The Romans knew a bit about pageantry and psychology, with their Triumphs and circuses. Napoleon knew some too – “You call these medals and ribbons baubles; well it is with such baubles that men are led.”

The Nazis, with their reliance on mythology, medals and regalia, were just treading an old path, but they did it well. The rest, as they say, is history.

I looked a long time to find a balanced article about it, because people tend to have strong views on the Nazis. It’s tricky, but the lesson I draw from it is that the heraldry of the Nazi party still draws people in.

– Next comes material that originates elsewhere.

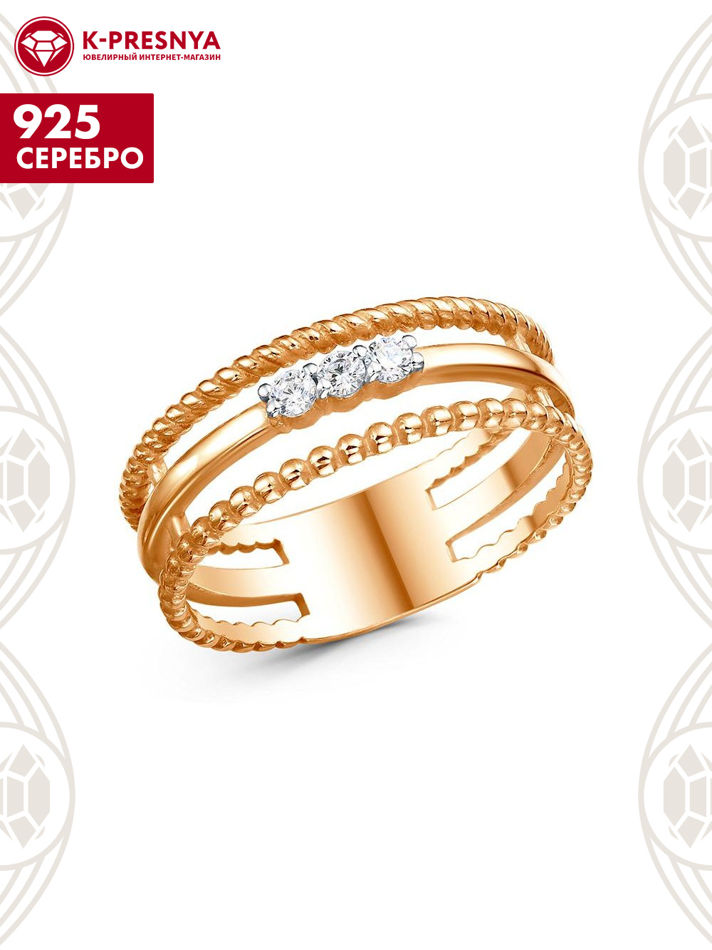 Кольцо серебро 925 пробы, покрытие - золочение, выборочное родирование, вставка - фианит (недрагоценный камень)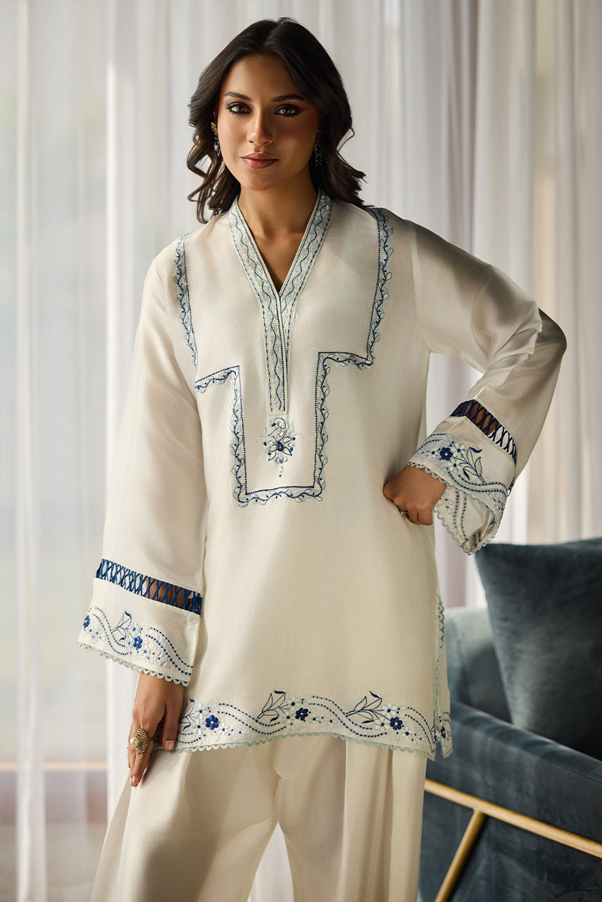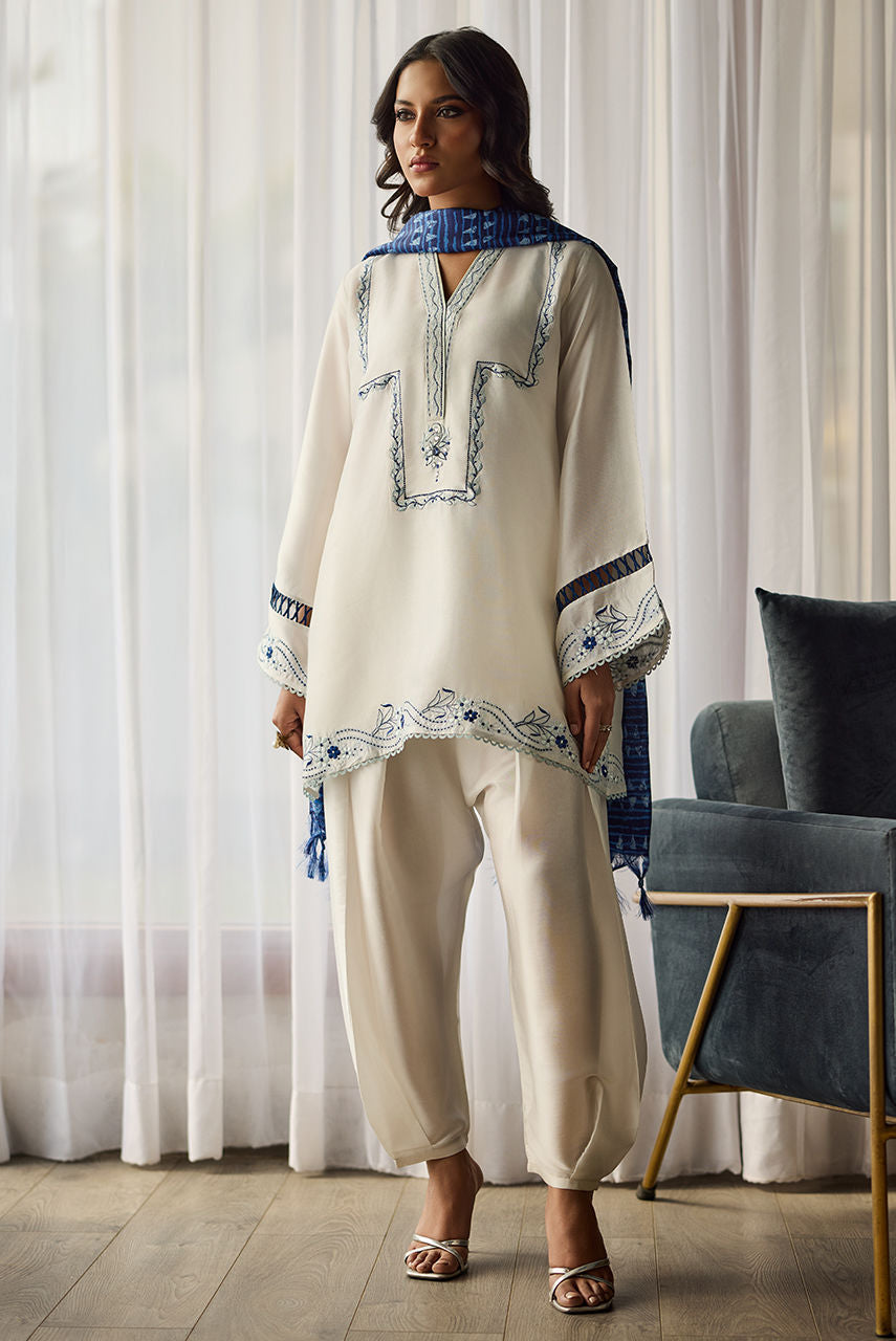 A beautifully crafted embroidered piece in soothing shades of blue and crisp white, featuring intricate motifs and delicate threadwork. The contrasting colors bring out the design’s fine details, creating a fresh, elegant, and visually striking effect. The motif on the neckline is handworked in stones and crystals. The shirt is paired with our pleated barrel shalwar. To make the look complete this printed batik inspired dupatta can be added

It’s interesting to draw a parallel between the building of the Nazi Party and the modern marketing industry, and how the techniques of the modern industry were foreshadowed by the Nazis. We’ve had books on leadership that purport to be written by Attila the Hun, Henry V and Jean-Luc Picard, how about  marketing book written in the character of Josef Goebbels? If you can make that popular, you really would be performing marketing at a high level.

Remember, when thinking about the Nazis that Milgram’s experiments proved that the German’s weren’t the only people who would follow orders even though it caused great distress to others The Stanford Prison Experiments not only showed that groups would band together, but pointed the way to later events.

We are not the civilised people that we like to think we are. In fact, when you look at modern politics we may actually be in a worse position as our minds are poisoned by a bombardment of false news.

Just one more example before I go. In 1919 the Allied Powers imposed a damaging and humiliating peace settlement on Germany and the Central Powers. This gave the Germans something to unite against. Alex Ferguson, in making Manchester United one of the most successful teams in British football history, used the same technique. He also used the technique of refusing to speak to the Press because they were all against him.

Does that sound familiar?

13 thoughts on “Trinkets of Deceit

  1. Laurie Graves

    I am absolutely with Derrick! You have such a great way of putting things together. Also, I was much taken with Bram Stoker’s “trinkets of deceit.” Might have to use that in one of my stories.